Exercise >>
From the line containing "没错,蓝孔雀在物种分类上隶属" to the very last line of the data below, transcribe everything exactly and nothing more.

Records shown: Begin

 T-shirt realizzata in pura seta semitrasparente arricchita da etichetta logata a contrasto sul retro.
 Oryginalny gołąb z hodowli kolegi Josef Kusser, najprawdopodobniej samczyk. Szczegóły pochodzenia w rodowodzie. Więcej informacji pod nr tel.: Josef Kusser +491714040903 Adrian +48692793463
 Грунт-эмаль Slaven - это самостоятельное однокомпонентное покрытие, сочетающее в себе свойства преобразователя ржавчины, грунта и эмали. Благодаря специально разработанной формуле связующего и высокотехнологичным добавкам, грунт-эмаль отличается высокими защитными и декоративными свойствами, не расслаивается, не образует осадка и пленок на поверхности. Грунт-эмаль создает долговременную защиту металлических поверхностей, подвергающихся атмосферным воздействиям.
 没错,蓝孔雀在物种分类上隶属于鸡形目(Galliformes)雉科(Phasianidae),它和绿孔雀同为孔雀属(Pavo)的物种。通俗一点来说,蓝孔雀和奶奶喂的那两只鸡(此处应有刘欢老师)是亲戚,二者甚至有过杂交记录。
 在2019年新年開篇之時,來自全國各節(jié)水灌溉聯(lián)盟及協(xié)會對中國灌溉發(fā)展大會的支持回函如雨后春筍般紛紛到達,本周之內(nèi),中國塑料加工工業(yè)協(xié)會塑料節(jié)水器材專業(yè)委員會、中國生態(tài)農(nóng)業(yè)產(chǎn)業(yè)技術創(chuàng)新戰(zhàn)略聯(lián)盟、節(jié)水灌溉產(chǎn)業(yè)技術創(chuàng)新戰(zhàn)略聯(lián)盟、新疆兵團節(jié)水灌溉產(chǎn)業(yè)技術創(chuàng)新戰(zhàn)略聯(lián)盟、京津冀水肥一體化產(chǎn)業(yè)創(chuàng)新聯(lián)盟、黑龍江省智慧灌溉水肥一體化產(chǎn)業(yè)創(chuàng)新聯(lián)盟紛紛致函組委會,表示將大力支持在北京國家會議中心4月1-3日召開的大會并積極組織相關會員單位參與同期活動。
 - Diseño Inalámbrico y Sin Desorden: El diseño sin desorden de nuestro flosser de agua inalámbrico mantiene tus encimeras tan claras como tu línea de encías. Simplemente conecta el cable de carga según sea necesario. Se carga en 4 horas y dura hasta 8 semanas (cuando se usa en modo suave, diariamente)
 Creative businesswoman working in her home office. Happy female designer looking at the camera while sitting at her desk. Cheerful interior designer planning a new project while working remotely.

Records shown: End

Result of this task >>
 没错,蓝孔雀在物种分类上隶属于鸡形目(Galliformes)雉科(Phasianidae),它和绿孔雀同为孔雀属(Pavo)的物种。通俗一点来说,蓝孔雀和奶奶喂的那两只鸡(此处应有刘欢老师)是亲戚,二者甚至有过杂交记录。
 在2019年新年開篇之時,來自全國各節(jié)水灌溉聯(lián)盟及協(xié)會對中國灌溉發(fā)展大會的支持回函如雨后春筍般紛紛到達,本周之內(nèi),中國塑料加工工業(yè)協(xié)會塑料節(jié)水器材專業(yè)委員會、中國生態(tài)農(nóng)業(yè)產(chǎn)業(yè)技術創(chuàng)新戰(zhàn)略聯(lián)盟、節(jié)水灌溉產(chǎn)業(yè)技術創(chuàng)新戰(zhàn)略聯(lián)盟、新疆兵團節(jié)水灌溉產(chǎn)業(yè)技術創(chuàng)新戰(zhàn)略聯(lián)盟、京津冀水肥一體化產(chǎn)業(yè)創(chuàng)新聯(lián)盟、黑龍江省智慧灌溉水肥一體化產(chǎn)業(yè)創(chuàng)新聯(lián)盟紛紛致函組委會,表示將大力支持在北京國家會議中心4月1-3日召開的大會并積極組織相關會員單位參與同期活動。
 - Diseño Inalámbrico y Sin Desorden: El diseño sin desorden de nuestro flosser de agua inalámbrico mantiene tus encimeras tan claras como tu línea de encías. Simplemente conecta el cable de carga según sea necesario. Se carga en 4 horas y dura hasta 8 semanas (cuando se usa en modo suave, diariamente)
 Creative businesswoman working in her home office. Happy female designer looking at the camera while sitting at her desk. Cheerful interior designer planning a new project while working remotely.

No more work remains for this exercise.